Lindsay isn't perceived by the campus males as girlfriend material, but she's one of a tiny handful of girls who is rumoured to have slept with blacks. On one occasion she enters Dinah's room with the news that she's just been all round the residence, interviewing the Verwoerd contingent with the help of a bogus questionnaire. She's told the leader's loyalists that the questionnaire is to do with her social-work finals and that it's essential for her degree work. As a result, she's got the girlies to describe to her their first sexual experience. Lindsay's delighted because one of her poster girls – an upcountry innocent with two flaxen pigtails and tiny pimples for breasts – has offered her a whispered confession to write down anonymously in her files.

‘One day,' the girl has told her, ‘I put two oranges down my blouse to make myself false bosoms.'

Dinah is just a bit squeamish about this, but Lindsay is rolling about with laughter on her floor and Lindsay's laughter is always infectious. She's the life and soul of any female gaggle, but she terrifies all the campus men. Lindsay has a raucous laugh and one of those two-fingered whistles that can carry for miles across valleys.
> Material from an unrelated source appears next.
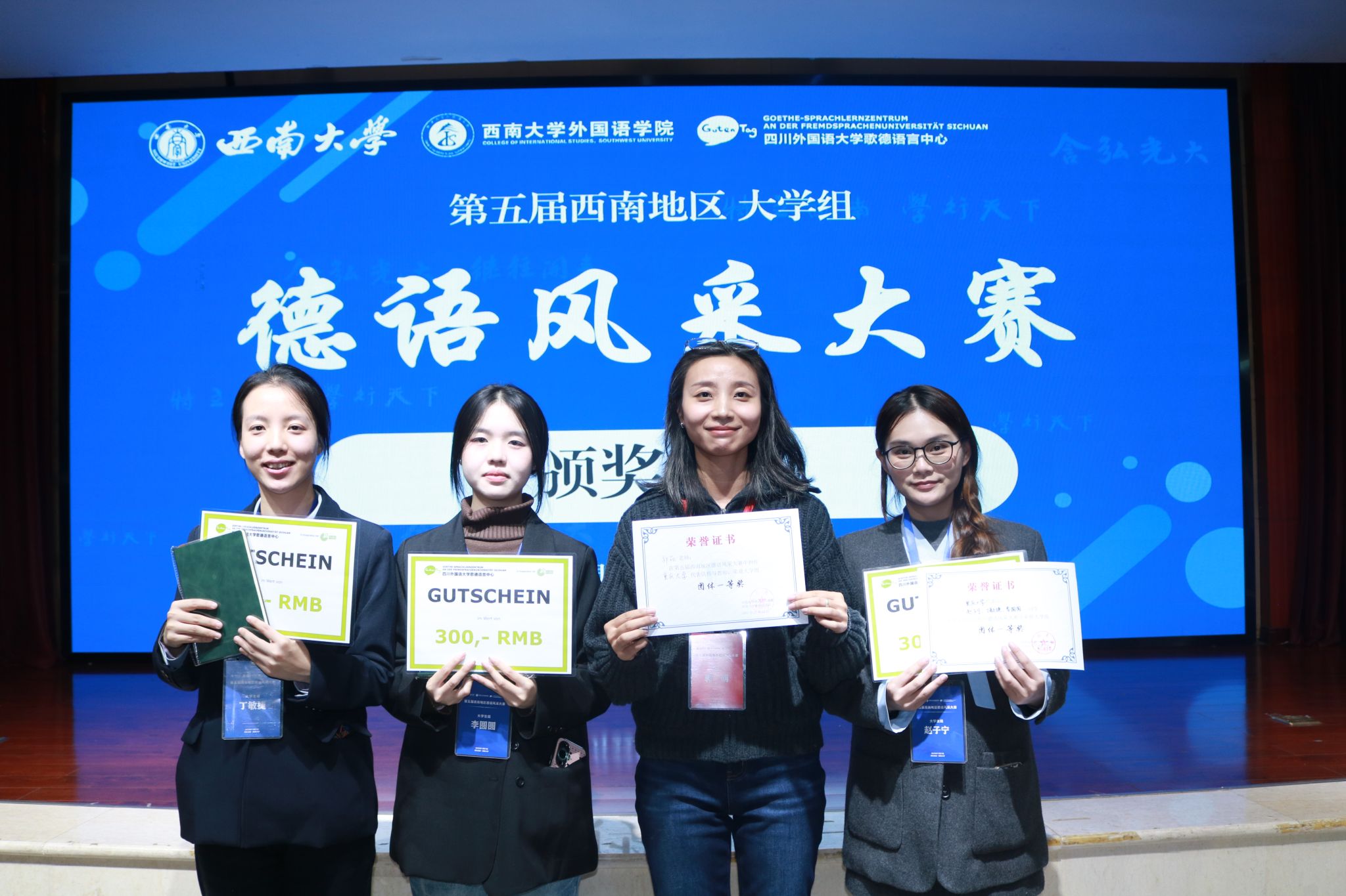 2025年11月22日,第五届西南地区德语风采大赛在西南大学举办。我校代表队由98堂
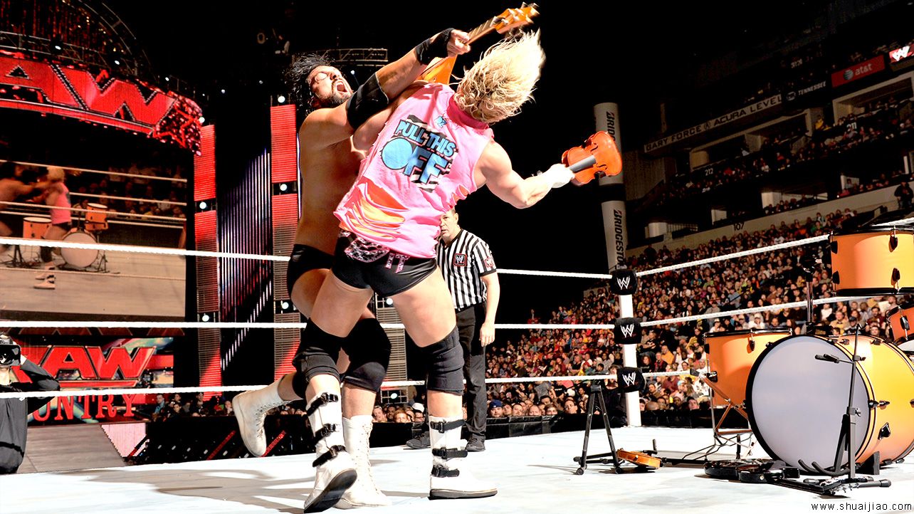 擂台上放了不少的吉他和鼓,开场Sandow就对Ziggler连续拳打脚踢,顺势将Ziggler扔出擂台,台下Sandow将Ziggler推向铁梯,操起一把吉他挥向Ziggler,Ziggler侥幸闪开后借助铁梯奋力跳起扑倒Sandow。回到擂台Sandow使用一个铁架子击倒Ziggler后连续的Elbow Smash,准备使用吉他时Ziggler反击,重拳击向Sandow头部,接着又是一个动作十分舒展的Drop Kick。Ziggler艰难爬上角柱,被Sandow推倒砸向擂台上的电子琴,电子琴被Ziggler砸得粉碎,Ziggler显得十分痛苦,Sandow压制没有成功。Sandow继续他的攻势,连续Head Butt后又是一阵暴打,接着Sandow拿起铁椅继续攻击Ziggler。Ziggler趁Sandow不注意一个技巧压制,没有成功。Ziggler反击暴打Sandow,Sandow起身用吉他击倒Ziggler,压制未成功。Ziggler使出DDT,压制,没有!Ziggler操起吉他砸向Sandow,接上一记ZigZag,压制还是没有!Ziggler想使出Blond Ambition,反Sandow抛起砸向擂台,接着又重重撞向架在擂台角的铁椅,Sandow压制,没有。Sandow用吉他攻击Ziggler后继续压制失败。Sandow冲向角柱的Ziggler,Ziggler躲开,Sandow撞到铁柱上,Ziggler压制失败后连续使用两个鼓击打Sandow的头,鼓面全部被击穿,接着拿起一把吉他砸在Sandow的头上,压制成功!

As to the campus at large for Dinah – well, it's easy enough to make friends, in a way, because there isn't really much choice. What happens is that she's drawn together with four aberrant first-year males – drawn into a satisfying closeness because of the uncongenial racist context which creates their togetherness. So Dinah's new friends are four weirdo men. Weirdo by campus standards. Jed Matthews is a hunk, over six foot six, a sort of beatnik before his time. That's in South Africa, anyway. He's sufficiently dark of skin colour to have the average white-girl student taking suspicious peeks at his fingernails in search of absent half-moons. But Jed has beautiful, ‘u'-shaped fingernails with all his half-moons in place. He's got glinty green eyes and a craggy, villainous look, like the bad guy in a Western movie. Plus he's got two enchantingly ziggy-zaggy chipped upper incisors.